One part of the entries below is wanted: the lines from the one containing "1. Geniş bir" through the one containing "A bronze model". Write those out exactly and nothing else.

---*---

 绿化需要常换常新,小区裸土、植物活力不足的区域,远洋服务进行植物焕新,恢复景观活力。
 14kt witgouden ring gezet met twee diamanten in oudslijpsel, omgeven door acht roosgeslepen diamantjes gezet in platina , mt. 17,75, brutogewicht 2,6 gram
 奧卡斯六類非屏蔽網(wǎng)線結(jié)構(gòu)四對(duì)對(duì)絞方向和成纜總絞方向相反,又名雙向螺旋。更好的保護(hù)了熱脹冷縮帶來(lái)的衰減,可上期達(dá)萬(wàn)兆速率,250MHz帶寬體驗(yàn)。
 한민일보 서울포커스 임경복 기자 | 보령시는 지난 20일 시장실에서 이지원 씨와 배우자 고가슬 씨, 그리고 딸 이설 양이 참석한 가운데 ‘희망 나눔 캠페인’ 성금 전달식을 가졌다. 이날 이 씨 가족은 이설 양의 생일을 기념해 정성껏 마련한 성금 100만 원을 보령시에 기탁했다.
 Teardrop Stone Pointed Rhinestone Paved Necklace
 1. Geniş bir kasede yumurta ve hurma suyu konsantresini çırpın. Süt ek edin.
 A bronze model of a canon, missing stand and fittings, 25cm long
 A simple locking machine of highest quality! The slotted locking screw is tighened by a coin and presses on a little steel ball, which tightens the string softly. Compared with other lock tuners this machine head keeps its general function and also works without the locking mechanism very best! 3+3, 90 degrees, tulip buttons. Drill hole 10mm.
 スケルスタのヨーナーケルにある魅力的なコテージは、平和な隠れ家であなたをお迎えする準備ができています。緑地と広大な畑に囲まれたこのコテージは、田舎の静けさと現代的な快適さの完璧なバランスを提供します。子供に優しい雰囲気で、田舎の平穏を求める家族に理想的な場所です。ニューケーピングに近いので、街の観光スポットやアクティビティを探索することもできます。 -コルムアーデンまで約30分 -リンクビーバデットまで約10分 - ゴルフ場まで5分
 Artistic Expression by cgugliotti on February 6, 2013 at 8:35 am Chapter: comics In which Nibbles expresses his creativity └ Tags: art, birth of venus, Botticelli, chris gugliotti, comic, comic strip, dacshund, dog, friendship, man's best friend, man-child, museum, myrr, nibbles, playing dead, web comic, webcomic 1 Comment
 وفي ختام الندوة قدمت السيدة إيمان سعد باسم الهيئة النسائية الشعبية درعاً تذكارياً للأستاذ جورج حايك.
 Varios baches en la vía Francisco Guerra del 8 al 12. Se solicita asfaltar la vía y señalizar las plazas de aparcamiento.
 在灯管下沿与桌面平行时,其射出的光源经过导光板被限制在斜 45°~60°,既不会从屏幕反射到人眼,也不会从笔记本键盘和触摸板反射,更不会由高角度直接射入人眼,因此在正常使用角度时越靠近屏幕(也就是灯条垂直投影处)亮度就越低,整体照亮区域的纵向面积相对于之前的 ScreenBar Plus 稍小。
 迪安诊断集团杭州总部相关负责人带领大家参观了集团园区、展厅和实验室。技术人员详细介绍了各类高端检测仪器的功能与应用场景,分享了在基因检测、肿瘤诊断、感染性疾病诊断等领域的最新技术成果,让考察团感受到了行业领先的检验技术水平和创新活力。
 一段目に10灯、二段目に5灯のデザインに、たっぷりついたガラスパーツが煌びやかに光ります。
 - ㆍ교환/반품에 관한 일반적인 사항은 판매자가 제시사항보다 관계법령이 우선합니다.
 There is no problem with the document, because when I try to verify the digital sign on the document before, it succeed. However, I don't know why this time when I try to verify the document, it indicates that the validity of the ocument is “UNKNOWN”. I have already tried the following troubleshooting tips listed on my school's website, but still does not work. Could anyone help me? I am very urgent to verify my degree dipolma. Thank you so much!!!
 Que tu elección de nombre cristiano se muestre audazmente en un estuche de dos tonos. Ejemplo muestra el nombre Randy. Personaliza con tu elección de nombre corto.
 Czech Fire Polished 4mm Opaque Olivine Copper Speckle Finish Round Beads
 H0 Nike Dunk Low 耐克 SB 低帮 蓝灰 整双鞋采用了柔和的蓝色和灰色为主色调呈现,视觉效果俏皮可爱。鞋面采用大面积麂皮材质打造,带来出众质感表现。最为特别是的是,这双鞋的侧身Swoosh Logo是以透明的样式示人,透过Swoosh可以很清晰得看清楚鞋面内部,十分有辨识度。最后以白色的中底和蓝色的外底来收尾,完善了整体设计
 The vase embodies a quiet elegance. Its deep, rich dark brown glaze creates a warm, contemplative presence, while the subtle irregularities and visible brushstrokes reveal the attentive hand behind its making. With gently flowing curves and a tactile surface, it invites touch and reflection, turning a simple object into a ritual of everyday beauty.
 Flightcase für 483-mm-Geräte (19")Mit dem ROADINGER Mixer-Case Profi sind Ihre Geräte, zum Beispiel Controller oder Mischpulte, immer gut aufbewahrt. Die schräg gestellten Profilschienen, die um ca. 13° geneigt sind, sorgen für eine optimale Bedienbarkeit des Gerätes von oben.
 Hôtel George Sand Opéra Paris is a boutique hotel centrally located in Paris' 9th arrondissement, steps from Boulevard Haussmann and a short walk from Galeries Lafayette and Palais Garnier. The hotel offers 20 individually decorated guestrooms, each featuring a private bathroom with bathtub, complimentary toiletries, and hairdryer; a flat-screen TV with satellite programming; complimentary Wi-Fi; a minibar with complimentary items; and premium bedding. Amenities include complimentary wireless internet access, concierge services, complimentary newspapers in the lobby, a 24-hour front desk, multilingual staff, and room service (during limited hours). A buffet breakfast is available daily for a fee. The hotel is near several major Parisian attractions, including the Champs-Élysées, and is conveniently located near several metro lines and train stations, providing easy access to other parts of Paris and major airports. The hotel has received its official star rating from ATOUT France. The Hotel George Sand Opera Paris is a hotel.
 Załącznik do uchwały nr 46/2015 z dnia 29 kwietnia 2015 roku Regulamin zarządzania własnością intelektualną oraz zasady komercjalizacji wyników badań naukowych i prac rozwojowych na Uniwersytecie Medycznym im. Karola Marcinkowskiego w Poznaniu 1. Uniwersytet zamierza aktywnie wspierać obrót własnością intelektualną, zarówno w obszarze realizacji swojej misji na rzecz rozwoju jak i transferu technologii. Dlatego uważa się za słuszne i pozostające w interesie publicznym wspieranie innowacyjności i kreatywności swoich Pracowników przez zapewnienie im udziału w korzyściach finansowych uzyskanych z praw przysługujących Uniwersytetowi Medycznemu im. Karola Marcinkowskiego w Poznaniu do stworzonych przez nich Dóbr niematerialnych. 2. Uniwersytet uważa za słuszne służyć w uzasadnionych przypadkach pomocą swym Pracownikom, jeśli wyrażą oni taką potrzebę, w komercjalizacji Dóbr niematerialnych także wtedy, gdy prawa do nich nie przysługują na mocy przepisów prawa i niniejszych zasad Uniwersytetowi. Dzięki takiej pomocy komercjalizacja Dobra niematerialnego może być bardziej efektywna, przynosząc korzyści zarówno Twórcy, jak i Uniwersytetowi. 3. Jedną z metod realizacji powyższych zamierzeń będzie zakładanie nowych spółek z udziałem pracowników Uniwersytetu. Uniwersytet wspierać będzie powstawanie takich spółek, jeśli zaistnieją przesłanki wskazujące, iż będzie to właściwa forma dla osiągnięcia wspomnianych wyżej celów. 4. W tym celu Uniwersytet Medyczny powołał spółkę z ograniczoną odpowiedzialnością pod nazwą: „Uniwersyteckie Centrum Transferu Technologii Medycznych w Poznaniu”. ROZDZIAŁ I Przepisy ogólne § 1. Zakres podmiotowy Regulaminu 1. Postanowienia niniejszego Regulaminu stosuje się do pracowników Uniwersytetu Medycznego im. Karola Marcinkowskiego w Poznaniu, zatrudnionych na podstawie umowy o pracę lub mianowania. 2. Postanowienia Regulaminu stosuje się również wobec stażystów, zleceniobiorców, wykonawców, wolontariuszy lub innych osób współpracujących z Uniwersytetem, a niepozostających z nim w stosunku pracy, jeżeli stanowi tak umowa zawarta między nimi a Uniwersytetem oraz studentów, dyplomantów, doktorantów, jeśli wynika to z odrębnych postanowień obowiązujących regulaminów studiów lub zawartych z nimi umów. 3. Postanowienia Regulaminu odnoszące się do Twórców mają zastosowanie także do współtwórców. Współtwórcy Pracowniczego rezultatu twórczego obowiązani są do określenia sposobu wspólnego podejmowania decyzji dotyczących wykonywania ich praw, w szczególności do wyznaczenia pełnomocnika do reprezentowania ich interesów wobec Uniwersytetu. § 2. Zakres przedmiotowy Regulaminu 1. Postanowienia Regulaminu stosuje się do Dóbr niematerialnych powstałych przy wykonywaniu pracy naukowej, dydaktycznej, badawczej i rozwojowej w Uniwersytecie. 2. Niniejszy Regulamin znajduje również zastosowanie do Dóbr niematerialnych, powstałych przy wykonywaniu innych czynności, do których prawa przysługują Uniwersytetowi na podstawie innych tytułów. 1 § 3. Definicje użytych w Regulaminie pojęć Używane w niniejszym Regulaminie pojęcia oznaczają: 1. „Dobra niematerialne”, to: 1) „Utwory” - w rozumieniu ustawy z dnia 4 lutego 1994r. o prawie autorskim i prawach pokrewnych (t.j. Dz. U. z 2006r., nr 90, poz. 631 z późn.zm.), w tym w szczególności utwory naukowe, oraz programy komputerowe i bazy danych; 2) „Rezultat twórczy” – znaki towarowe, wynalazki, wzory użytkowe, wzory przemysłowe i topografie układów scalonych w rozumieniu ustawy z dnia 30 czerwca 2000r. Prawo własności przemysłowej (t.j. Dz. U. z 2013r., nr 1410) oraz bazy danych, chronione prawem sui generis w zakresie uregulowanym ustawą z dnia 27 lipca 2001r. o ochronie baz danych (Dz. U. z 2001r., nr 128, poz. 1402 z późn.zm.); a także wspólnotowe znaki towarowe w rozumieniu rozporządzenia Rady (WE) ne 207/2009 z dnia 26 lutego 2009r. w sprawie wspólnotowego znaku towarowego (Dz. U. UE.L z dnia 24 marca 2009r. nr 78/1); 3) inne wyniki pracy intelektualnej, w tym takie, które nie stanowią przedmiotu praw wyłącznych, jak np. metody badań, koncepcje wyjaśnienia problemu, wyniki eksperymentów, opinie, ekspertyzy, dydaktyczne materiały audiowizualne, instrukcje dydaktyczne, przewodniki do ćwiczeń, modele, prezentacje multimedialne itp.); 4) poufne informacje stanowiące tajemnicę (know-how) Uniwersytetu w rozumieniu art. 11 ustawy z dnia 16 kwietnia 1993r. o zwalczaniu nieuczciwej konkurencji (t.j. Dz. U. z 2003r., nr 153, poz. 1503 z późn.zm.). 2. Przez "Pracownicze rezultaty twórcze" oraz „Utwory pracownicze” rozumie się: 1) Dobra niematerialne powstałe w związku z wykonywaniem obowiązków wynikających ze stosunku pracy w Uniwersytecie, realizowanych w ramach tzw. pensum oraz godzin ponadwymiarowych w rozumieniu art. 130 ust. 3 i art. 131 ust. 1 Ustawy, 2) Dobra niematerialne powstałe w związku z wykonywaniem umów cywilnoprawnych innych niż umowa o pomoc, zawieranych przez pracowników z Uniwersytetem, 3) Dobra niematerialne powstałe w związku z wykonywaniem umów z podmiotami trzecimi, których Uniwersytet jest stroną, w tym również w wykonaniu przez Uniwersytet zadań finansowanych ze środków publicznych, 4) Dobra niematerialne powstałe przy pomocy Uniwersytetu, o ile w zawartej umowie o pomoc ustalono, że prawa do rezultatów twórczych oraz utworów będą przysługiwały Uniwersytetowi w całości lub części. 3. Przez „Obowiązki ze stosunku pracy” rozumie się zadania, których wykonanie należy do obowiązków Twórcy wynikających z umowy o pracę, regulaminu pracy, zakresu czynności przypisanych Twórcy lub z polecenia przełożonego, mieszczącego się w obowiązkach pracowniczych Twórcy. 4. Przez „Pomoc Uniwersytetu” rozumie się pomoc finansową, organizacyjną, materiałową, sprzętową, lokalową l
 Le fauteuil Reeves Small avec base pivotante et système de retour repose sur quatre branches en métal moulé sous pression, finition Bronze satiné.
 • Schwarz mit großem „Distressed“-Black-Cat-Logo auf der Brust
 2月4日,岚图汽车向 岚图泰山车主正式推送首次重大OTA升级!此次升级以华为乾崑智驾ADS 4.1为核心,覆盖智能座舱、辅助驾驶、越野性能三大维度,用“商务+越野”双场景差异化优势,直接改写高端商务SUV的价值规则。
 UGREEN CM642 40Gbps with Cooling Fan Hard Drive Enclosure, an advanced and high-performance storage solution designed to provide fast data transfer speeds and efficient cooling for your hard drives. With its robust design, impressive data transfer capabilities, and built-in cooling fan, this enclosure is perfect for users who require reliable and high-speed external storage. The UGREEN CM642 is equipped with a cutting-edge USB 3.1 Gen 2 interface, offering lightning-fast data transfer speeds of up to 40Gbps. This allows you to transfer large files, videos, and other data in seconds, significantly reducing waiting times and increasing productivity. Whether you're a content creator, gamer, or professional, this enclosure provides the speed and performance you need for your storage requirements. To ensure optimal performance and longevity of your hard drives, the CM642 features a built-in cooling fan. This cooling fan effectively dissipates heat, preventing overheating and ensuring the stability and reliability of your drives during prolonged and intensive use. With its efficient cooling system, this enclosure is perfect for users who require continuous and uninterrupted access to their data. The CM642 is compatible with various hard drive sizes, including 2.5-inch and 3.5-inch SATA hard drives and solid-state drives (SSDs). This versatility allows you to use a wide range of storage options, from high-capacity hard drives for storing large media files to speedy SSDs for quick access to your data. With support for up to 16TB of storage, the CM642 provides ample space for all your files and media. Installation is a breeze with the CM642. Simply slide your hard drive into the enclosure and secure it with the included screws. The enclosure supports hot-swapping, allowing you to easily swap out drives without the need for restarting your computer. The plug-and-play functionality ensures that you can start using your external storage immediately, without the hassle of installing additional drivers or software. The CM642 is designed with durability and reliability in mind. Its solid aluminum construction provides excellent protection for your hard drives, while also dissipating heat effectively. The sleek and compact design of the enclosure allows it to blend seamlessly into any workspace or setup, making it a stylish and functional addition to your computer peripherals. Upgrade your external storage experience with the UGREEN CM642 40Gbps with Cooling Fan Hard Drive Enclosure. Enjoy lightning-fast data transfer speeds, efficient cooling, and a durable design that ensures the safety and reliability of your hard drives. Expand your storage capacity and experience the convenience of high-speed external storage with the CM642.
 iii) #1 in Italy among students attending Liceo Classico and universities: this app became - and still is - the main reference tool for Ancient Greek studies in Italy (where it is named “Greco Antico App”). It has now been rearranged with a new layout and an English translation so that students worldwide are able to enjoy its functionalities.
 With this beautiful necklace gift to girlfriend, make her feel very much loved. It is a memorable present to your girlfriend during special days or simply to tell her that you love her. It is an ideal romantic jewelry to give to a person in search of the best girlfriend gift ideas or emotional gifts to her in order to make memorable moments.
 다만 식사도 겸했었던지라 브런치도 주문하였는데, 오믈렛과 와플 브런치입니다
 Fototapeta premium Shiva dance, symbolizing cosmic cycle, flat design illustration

---*---

## Answer to the problem:
 1. Geniş bir kasede yumurta ve hurma suyu konsantresini çırpın. Süt ek edin.
 A bronze model of a canon, missing stand and fittings, 25cm long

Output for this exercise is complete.